* **Required action**:
Among the lines below, a stretch begins at the one with "秦皇岛港铁路调入45.0万吨" and ends at the one with "メダカ に ご使用ください。". Repeat that stretch exactly, ends included.

* **Provided information**:

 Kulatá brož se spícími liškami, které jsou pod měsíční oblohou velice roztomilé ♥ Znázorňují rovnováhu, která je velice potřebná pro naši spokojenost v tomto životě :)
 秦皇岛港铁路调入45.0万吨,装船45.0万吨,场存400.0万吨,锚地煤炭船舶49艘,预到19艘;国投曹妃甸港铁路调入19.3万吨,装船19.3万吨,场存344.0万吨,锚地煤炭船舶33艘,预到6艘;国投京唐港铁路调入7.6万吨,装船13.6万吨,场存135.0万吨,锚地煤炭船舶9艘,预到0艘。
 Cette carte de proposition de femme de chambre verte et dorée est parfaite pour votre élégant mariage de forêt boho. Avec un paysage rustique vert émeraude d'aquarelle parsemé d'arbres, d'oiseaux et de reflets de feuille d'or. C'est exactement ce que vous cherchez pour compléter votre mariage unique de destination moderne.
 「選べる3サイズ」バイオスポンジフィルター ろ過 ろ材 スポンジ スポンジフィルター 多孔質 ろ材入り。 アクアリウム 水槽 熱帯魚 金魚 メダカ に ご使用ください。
...
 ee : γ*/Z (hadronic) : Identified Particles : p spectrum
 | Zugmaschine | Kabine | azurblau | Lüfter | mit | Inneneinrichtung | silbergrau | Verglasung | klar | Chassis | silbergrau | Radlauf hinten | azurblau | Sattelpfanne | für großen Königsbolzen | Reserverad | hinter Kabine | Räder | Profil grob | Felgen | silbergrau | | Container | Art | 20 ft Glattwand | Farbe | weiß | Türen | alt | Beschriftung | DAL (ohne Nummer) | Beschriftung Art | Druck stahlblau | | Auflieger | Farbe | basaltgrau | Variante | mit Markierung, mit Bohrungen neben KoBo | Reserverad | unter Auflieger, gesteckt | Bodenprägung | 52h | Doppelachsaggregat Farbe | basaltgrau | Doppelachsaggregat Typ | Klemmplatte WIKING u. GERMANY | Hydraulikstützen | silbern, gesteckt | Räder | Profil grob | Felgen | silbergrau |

* **Exercise result**:
 秦皇岛港铁路调入45.0万吨,装船45.0万吨,场存400.0万吨,锚地煤炭船舶49艘,预到19艘;国投曹妃甸港铁路调入19.3万吨,装船19.3万吨,场存344.0万吨,锚地煤炭船舶33艘,预到6艘;国投京唐港铁路调入7.6万吨,装船13.6万吨,场存135.0万吨,锚地煤炭船舶9艘,预到0艘。
 Cette carte de proposition de femme de chambre verte et dorée est parfaite pour votre élégant mariage de forêt boho. Avec un paysage rustique vert émeraude d'aquarelle parsemé d'arbres, d'oiseaux et de reflets de feuille d'or. C'est exactement ce que vous cherchez pour compléter votre mariage unique de destination moderne.
 「選べる3サイズ」バイオスポンジフィルター ろ過 ろ材 スポンジ スポンジフィルター 多孔質 ろ材入り。 アクアリウム 水槽 熱帯魚 金魚 メダカ に ご使用ください。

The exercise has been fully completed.